Artist statement translated by Giulia Guadenzi


 

It’s always been difficult for me to rationalize the meaning of my work.  As a kid, I read “La famosa invasione degli orsi in Sicilia” written by Dino Buzzati.  The text was also illustrated by the author himself.  One of the drawings was representing little soldiers in their uniforms, with rifles and flags.  They were fighting against bears.  Struck by that image, I started to draw battles, and I have never stopped. I have been passionate about the American Civil War history since I was young.  Years ago I stumbled upon a book on this subject, written by Bruce Catton and published by Cepim in 1975.  The book contains not only beautiful full-page illustrations of war scenes but also diagrams of strategies used for the main battles.  All this was a source of inspiration for me. My drawings show troops deployed in parade and armies of enemies that engage in both organized and disorganized battles.  However, there is always an intrinsic discrepancy between the dramatic subject and the light and detached graphic language.  Soldiers fight, collide, kill one another, but the drama is always kept at a distance through a series of formal elements: the little figures move inside a flat imaginary space, wearing their antiquated uniforms and forming geometric modules, in a game that only belongs to the mind.  My works are a series of drawings with many variation that always refer to the need to both represent the conflict and assume a removed point of view.

 

 

 

 

 

 

 

 

 

 

 

 

 

 

 

 

 

 

 

Vera Rossi

Excerpt from essay by Angela Madesani


 

Vera Rossi’s images, the titles of which include Varco verde (Green Opening), Finestra (Window), A flower blossoms for its own joy, I fiori di Amira (The flowers of Amira) and Interior with blue vases, possess a common element: the presence of a window, those old iron windows, in which the glass is caged by squares.

 

We find ourselves on the threshold: we are always on the inside. Beyond are shapes that we are not always able to decipher. The panes are the panes that were in use a hundred years ago. Parts of them are dense and blurred, other parts are clearer.
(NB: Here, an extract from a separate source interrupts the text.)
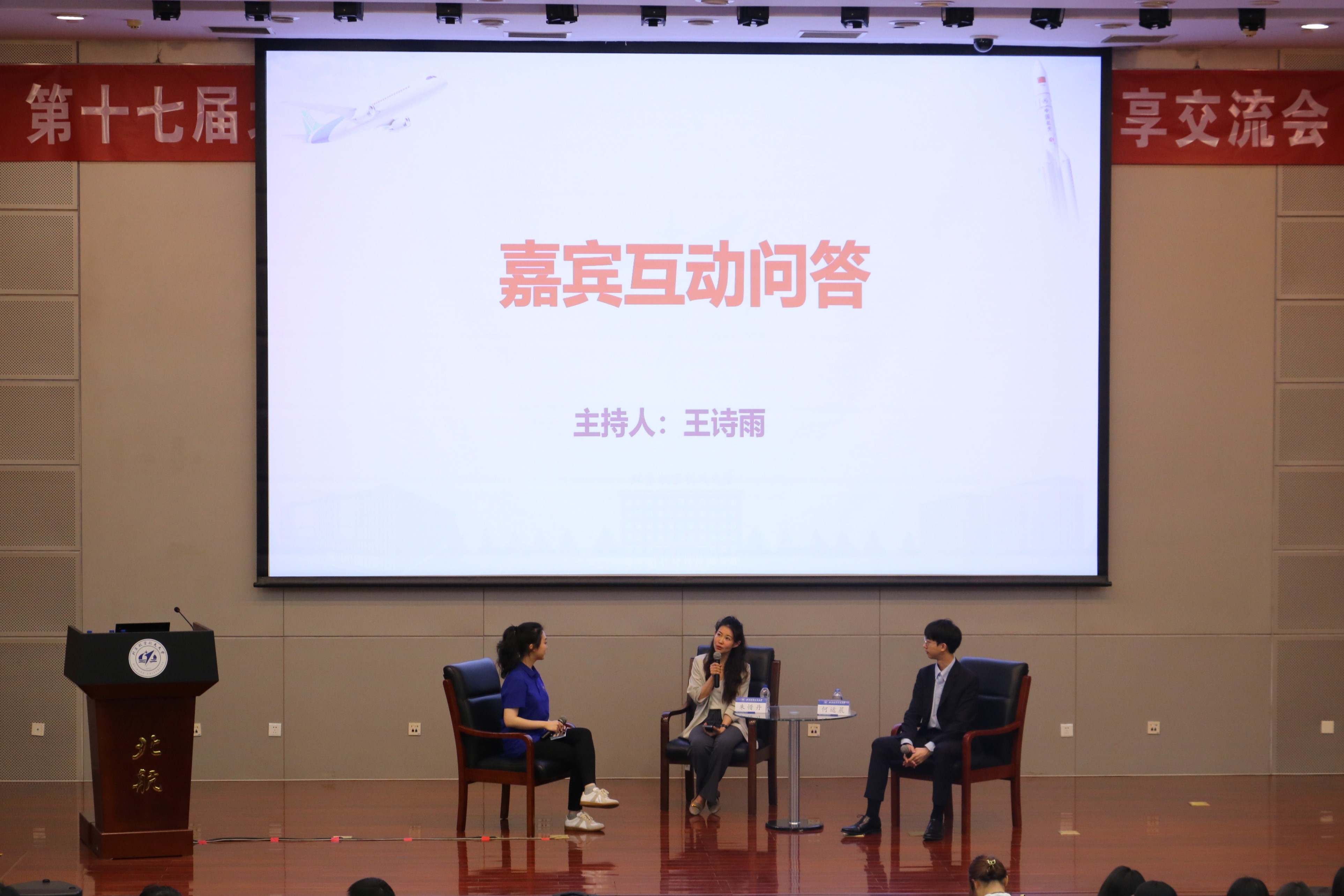 在交流环节,主持人与何运晨、朱惜丹进行交流访谈,并与现场观众进行深入交流。嘉宾表示,怀念自己的求学之路,校园生活细节历历在目,鼓励同学们把握员工生涯,培养自己的生活工作节奏,做好个人职业规划。他们指出,从学习到工作,不仅要重视法学素养内在的知识培养,也要重视法律行业外在的专业展示,积极锻炼语言表达与共事协同能力。

It is a game of grades of transparency, of real presences balanced by implied absences.

 

The images are Vera Rossi’s personal memories.  In Vera’s photos, like silent extras, objects appear as a  record of the passing of time.  For Vera Rossi, it is an exercise in the art of seeing, which induces us to imagine the beyond.  What fascinates her is the unknown. It is like a timeless rite in an atmosphere in which everything seems suspended.